COO Pete:  We taxpayers subsidizing the speculators and deal-makers, again!

CEO Alan:  Well, you’re at least partly right, Pete.  Of course these deal-makers were all one-trick ponies.  They knew that the easiest thing to do was to dump people.  All you have to do is to act real nasty and say, “We’ve got 10,000 people, take it down to 9,000!”  Capricious downsizing can help earnings only for a few years, but the damage it does can take five years to show up.  

CFO Dick:  That’s one scenario, Alan, but don’t you agree that there were plenty of situations where good companies had to make these moves in the face of tough world competition?  Both downsizing and mergers were a matter of necessity.  

CEO Alan:  No question.  As usual, the devil’s in the details.  Some restructuring moves were motivated in the best interest of the company; many others used world competition as an excuse to pursue greedy goals.  In these deals, money in incredible amounts rains down on everyone involved.  A good rule, I find, to understand a situation like this, is to check the personal motivation of those involved:  Follow the money!  But go ahead Dick, push on.  

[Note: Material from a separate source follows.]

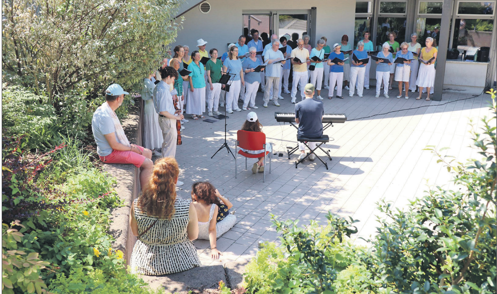
Als erstes sang am späten Vormittag der Chor „TonArt“ am Unteren Marktplatz vor dem Bürgerhaus.

Schwalbach ist die einzige Stadt im Main-Taunus-Kreis, die an der mittlerweile weltweiten „Fête de la musique“ teilnimmt, die jedes Jahr am 21. Juni stattfindet. Die Idee entstand einst in Frankreich. Mittlerweile machen über 1.000 Städte mit, 180 davon in Deutschland. In Schwalbach initiierte Margit Reiser-Schober im Jahr 2022 die Premiere, die sehr gut ankam. Und nach der fünften Auflage am Sonntag hat sich das kleine Musikfestival mittlerweile fest im Terminkalender von Schwalbach etabliert – auch wenn es dieses Mal wirklich ein bisschen zu heiß war.

CFO Dick:  Whatever the motivations, everyone began to see the benefits of downsizing and the big write-off, the big bang.  Those who were really struggling, the ones with weak earnings, and had Wall Street down on them, found downsizing very seductive.  Why not?  Announce a big lay-off, and your stock goes up a few points.  Company executives like it because it both buys them time and makes them wealthier.  In many cases, they write off more than their annual earnings — in some cases, as much as half their net worth.  Some executives took a while to comprehend that putting all these big negative numbers on the profit-and-loss statement didn’t pull the house down; it was cheered by Wall Street.  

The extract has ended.